At a glance
The 99th-percentile query duration over the recent window: the time below which 99 of every 100 queries complete, expressed in milliseconds. p99 is the tail-latency metric. The median (p50) tells you how the typical query behaves, but p99 tells you how your worst-served queries behave, which is where dashboards time out, ETL jobs stall, and downstream API calls breach their own SLAs. On ClickHouse, a healthy analytical p99 sits well under half a second for point and small-aggregate queries; a p99 above 500ms means the slowest 1% of queries are crossing into user-visible delay. This card flags amber at that threshold so a DBA sees tail regression before users start complaining.

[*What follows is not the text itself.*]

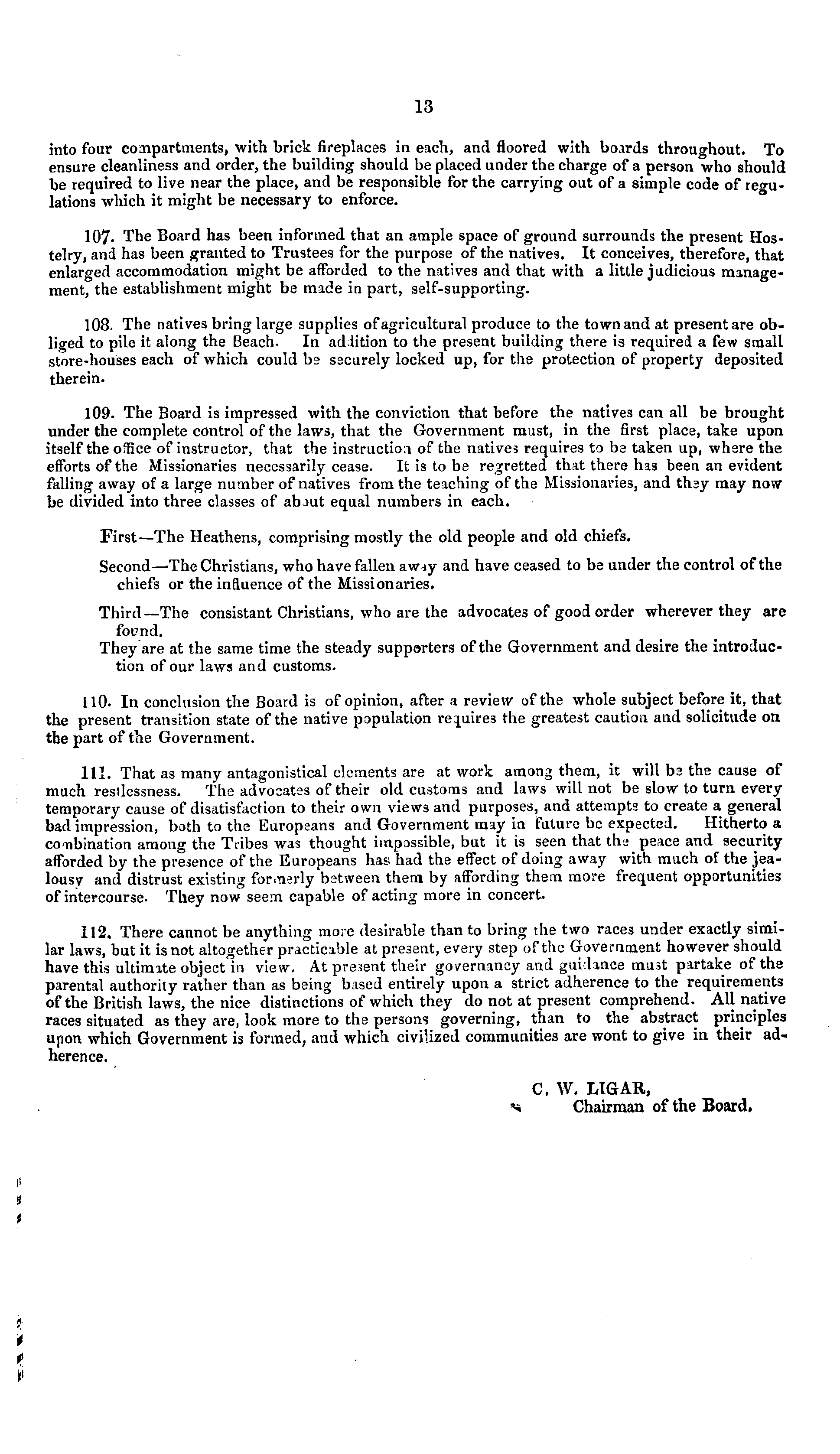 into four compartments, with brick fireplaces in each, and floored with boards throughout. To ensure cleanliness and order, the building should be placed under the charge of a person who should be required to live near the place, and be responsible for the carrying out of a simple code of regulations which it might be necessary to enforce. 107- The Board has been informed that an ample space of ground surrounds the present Hostelry, and has been granted to Trustees for the purpose of the natives. It conceives, therefore, that enlarged accommodation might be afforded to the natives and that with a little judicious management, the establishment might be made in part, self-supporting. 108. The natives bring large supplies of agricultural produce to the town and at present are obliged to pile it along the Beach. In addition to the present building there is required a few small store-houses each of which could be securely locked up, for the protection of property deposited therein. 109. The Board is impressed with the conviction that before the natives can all be brought under the complete control of the laws, that the Government must, in the first place, take upon itself the office of instructor, that the instruction of the natives requires to be taken up, where the efforts of the Missionaries necessarily cease. It is to be regretted that there has been an evident falling away of a large number of natives from the teaching of the Missionaries, and they may now be divided into three classes of abjut equal numbers in each. First—The Heathens, comprising mostly the old people and old chiefs. Second —The Christians, who have fallen away and have ceased to be under the control of the chiefs or the influence of the Missionaries. Third—The consistant Christians, who are the advocates of good order wherever they are found. They are at the same time the steady supporters of the Government and desire the introduction of our laws and customs. 110. In conclusion the Board is of opinion, after a review of the whole subject before it, that the present transition state of the native population requires the greatest caution and solicitude on the part of the Government. 111. That as many antagonistical elements are at work among them, it will be the cause of much restlessness. The advocates of their old customs and laws will not be slow to turn every temporary cause of disatisfaction to their own views and purposes, and attempts to create a general bad impression, both to the Europeans and Government may in future be expected. Hitherto a combination among the Tribes was thought impossible, but it is seen that ths; peace and security afforded by the presence of the Europeans has had the effect of doing away with much of the jealousy and distrust existing formerly between them by affording them more frequent opportunities of intercourse. They now seem capable of acting more in concert. 112. There cannot be anything more desirable than to bring the two races under exactly similar laws, but it is not altogether practicable at present, every step of the Government however should have this ultimate object in view. At present their governancy and guidance must partake of the parental authority rather than as being based entirely upon a strict adherence to the requirements of the British laws, the nice distinctions of which they do not at present comprehend. All native races situated as they are, look more to the persons governing, than to the abstract principles upon which Government is formed, and which civilized communities are wont to give in their adherence. C. W. LIGAR, % Chairman of the Board.

| Data source | Percentile aggregation over system.query_log: SELECT quantile(0.99)(query_duration_ms) FROM system.query_log WHERE type = 'QueryFinish' AND event_time > now() - INTERVAL 5 MINUTE. Only finished queries are sampled. |
| What it tracks | The tail of the query-duration distribution for completed queries in the rolling window, not the average. One slow query in a hundred drives this number, which is the point. |
| Metric basis | query_duration_ms from the query log, the server-measured wall-clock duration of each query from parse to result. It excludes client-side network time but includes all server execution. |
| Why >500ms matters | At p99 above 500ms, the slowest 1% of queries are no longer instant. For an interactive dashboard issuing dozens of queries per page load, a p99 of 500ms means roughly every other page load contains at least one visibly slow panel. Tail latency compounds across fan-out workloads. |
| Time window | RT/5m (real-time, computed over the trailing five minutes and refreshed each dashboard cycle). |
| Alert trigger | >500ms. A p99 above 500ms sustained over the window flags the card amber and pages the on-call DBA. |
| Roles | dba, platform, sre |
Calculation
The engine computes the 99th percentile of query duration directly fromsystem.query_log, the table ClickHouse populates with one row per executed query:
type = 'QueryFinish' selects only queries that completed successfully; the log also holds QueryStart, ExceptionBeforeStart, and ExceptionWhileProcessing rows, and including those would either double-count or pollute the duration distribution with failed-query timings. The five-minute window keeps the percentile responsive to current conditions rather than smoothing over an hour of history.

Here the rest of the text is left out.